Where ML Research Meets Data Science Practice: Markdown Optimization & Uplift Modeling

Tech Blog Catie Grasso

By now, you probably already know the drill. To kick off every year, we host a technical webinar with members of our AI Labs research team in order to hone in on some of the hot ML trends we’ll likely see more of in the coming year. To take that to a new level, this year’s webinar combined the research insights with practical data science projects that back up the trends. To make the webinar content more digestible after the fact, we’ve broken up the transcription into a blog series so it’s more accessible as you drill into specific topics. We have already tackled model changes, data, drift, and anomaly detection as well as learning with small data, so up next is a summary of retail markdown optimization and uplift modeling. Enjoy!

Reda Affane:

What I want to do now is, given that you have a solution to every one of my questions, I'm going to just take this opportunity to ask you another question which is related to a completely different subject which I chose because I know you really fond of, and it touches on a theoretical backbone, which you're really fond of, which is I can spoil it now, which is called causal inference.

I know we did this project recently with an online retailer and the goal was to optimize online revenue in a specific way, which I'm going to show you in a minute. Along the way, we were feeling that this is a subject which touches a lot on causal inference. We're trying to assess the effect of a cause on a specific outcome. I was wondering how that theoretical backbone can complement what we've been doing so far. 

Like I said, this was an online retailer. The overall context was that this retailer is used to applying discounts on products. The question or the use case that I'm presenting to you now is what specific level of discounts should I apply to every product in my product catalog so as to maximize a margin, so as to maximize my revenue? Actually, the project is bigger than this because you have two questions. The first question is which products do I need to discount? And then based on those products, what's the level of discount that I should apply? 

Discounts Drive Sales (When Applied Wisely)

In this presentation, I'm only going to focus on the second point, which is what's the level of discount I need to apply on my products? As you can see, this is a very important question, because if you imagine there's a theoretical optimal discount, if you discount your product lower than that optimal discount threshold, then your product will not be discounted very much. Which means it's going to be expensive, which means customers will not buy it. This is what we call a sell opportunity loss.

sell opportunity and margin loss

On the other hand, if you randomly choose a discount and it happens to be higher than the optimal discount, well, then you are losing on some margin, on some money because customers are willing to pay more and you're selling your product for way less than that. There's an optimal point to find, and this is what we're trying to do in this project. At the end of the day, what we were aiming at is to have, as you can see for each product, a graph, which looks like the graph below. You can see that for each discount level, we have a prediction of what we would expect as gains in regards to the volume that we can sell that product. If the curve follows, a little bit, our intuition in the sense that if I apply a 5% discount, then I'm going to sell a specific volume of items. But if I apply a higher discount, for example, a 30% discount, then I'm going to sell more.

discount elasticity

And the idea is, taking into account this information and including other information like the cost of manufacturing one product or the cost of storing that product, or every the cost related to the product, also, the price of the product, I can figure out what's the best discount that I need to apply to my product. 

So, at the end of the day, what I need is to be able to get this graph that we see above And in order to get to that graph, what we've done is that we've simply trained a forecast model on every product. Here, we're talking at the product level. For each product, we have a model forecasting the amount of sales that I could expect in the future. Let's suppose it's a weekly forecast, so that I can expect it next week.

demand forecast model

And the crucial thing is that in that model, we also take into account as a feature, the discount. This is possible because we have this information because all of the models for which we want to do this analysis, all of these models have a history of sales. And all of these models have been discounted in the past at different levels of discount. So we have this information and we use it as a feature for the forecasting model. Sometimes we're going to see more discounts and we're going to see less discounts. So there is some kind of uncertainty measurement going on there. 

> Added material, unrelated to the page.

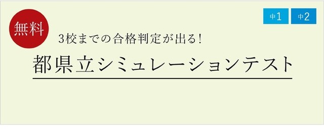「都県立シミュレーションテスト」は、5教科(数学・英語・国語・理科・社会)の無料模試です。各学年で10月までに習った内容を中心に、1都3県の公立高校入試の頻出単元から出題します。

Also, Léo, I know that this is a subject that you like, but maybe it's not a subject for today. But anyhow, it was a real concern. But at the end of the day, once we have this model, what we do is that we just take this model and apply to different levels of discounts.

training and forecasts

Just to be complete, we didn't use only the discount as an input of this forecasting model. Remember, we're trying to forecast the amount of sales that we can have in the next week. In order to do that, we can use multiple pieces of information and this is an example of features and variables that we've used in that model. The best ones are how that model performed in the past. For example, in the last couple of weeks or in the same week, last year. It gives you an idea of how this product is appreciated by the clients and an idea about the seasonality.

Then we use some specific features for each product. So each product has a brand, a product category, and a lot of other features specific to each product, which I'm not going to spend a lot of time on. Then we have, of course, some features related to the time period. Are we in a holiday season? Is it the weekend? Is it a Black Friday period? What's the economic climate? Also, we have some information and some signals around the depreciation of these products. Then of course, like I said, the price and the discounts are also features of that model, very strong features. And also we've included some sort of competition analysis to this forecasting model. 

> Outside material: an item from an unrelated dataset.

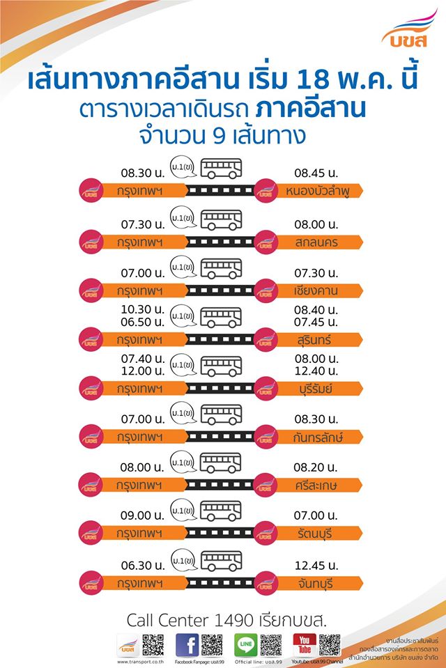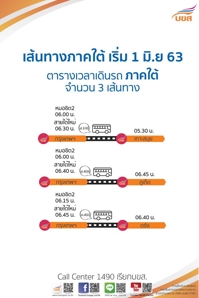 ส่วนเส้นทางระหว่างประเทศ 15 เส้นทาง บขส. ยังหยุดการเดินรถชั่วคราว จนกว่าจะมีประกาศให้สามารถเปิดเดินรถระหว่างประเทศได้ ทั้งนี้ผู้ใช้บริการสามารถจองตั๋วและตรวจสอบตารางการเดินรถ บขส. ผ่านช่องทางออนไลน์ Application E-Ticket และ Website บขส. www.transport.co.th หรือสอบถามข้อมูลการเดินทางเพิ่มเติม โทร Call Center 1490 เรียก บขส.ตลอด 24 ชั่วโมง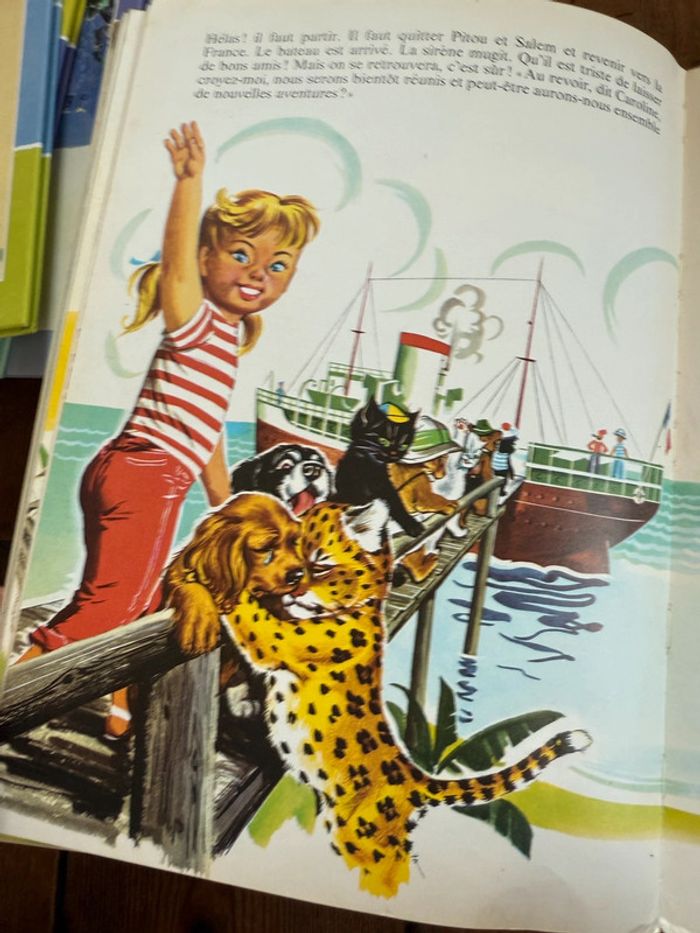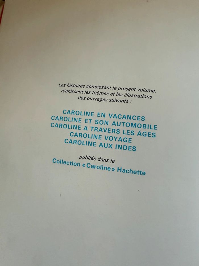 Ouvrage ancien de 1974 retraçant 5 histoires Caroline : - en vacances - et son automobile - à travers les âges - voyage - Aux Indes En très bon état pour un livre si ancien SAUF la tranche qui est absente cf photos. Album très rare. Envoi rapide et soigné. Non négociable ☺️🙏🙏

All this information, again, with the discount level, gave us that end goal, which is, remember, at each discount level, this is the expected amount of items that we would sell for that product. The end game was to be able to choose which discount is better. Better in a sense that it maximizes some KPIs, so we had pretty much two types of KPIs. The first type is a financial KPI (i.e., How many more dollars will I gain?) And then other KPIs, which included, for example, depreciation of the product because you wouldn't sell as much of the product as the second year and the third year as the first year. There's some sort of analysis going on there. And also some KPIs' more related to the business of selling those specific products. 

single objective KPIs

The way to read this equation is very simple. For each product, we would consider each discount. We would compute what the margin is, the financial outcome, the financial revenue that we will have with this discount and without this discount. We can compute this information because we know for this specific discount, how many items we can sell. We also know how much we're going to sell the unit. And we also know how much it costs to manufacture it. 

We know all the information and all the relevant variables to compute this. We do this through every discount level and, at the end of the day, we just choose the discount level which maximizes this equation. As you can see, there's some sort of, you've talked about uplift earlier. I can see the relation to this equation. I can also see that, like I said, there's some causal inference going on because the discount is the cause and we're trying to assess the effects of that cause. What I want to know, Léo, is what you think about this approach and how we would compliment it or maybe just back test it to be sure that everything is okay.

Léo Dreyfus-Schmidt:

Yeah. Well, great. First of all, once again, and I'm not just saying this is a great project. I think it's a dream project for everybody, every marketer out there. Everyone wants to know, "How can you sell better?" Not just how can you sell more, but how can you sell better? But actually, before I answer your question, I have a question for you. I'm very curious about that project. Did you have to worry about what we call cannibalization, which is the interaction between products? If you were discounting more than one product, then maybe you can have an impact within a similar product category. It could be competition or is it something that is left for a different stage? 

Reda Affane:

Yeah, that's a very good question. It was a concern. It was a major concern, so let me just go back. It was a major concern indeed. We took the simple approach to say that we're not going to include this in the model because it would complicate it a lot. This was a decision of the, at the end of the day, of the business side. We knew which product we needed to discount, we wanted to discount. This is the first step that I mentioned earlier. We know that we have the right to discount these products and if discounting these products would not affect in a bad way or in a relevant way other products, and this was information which we had directly from the teams.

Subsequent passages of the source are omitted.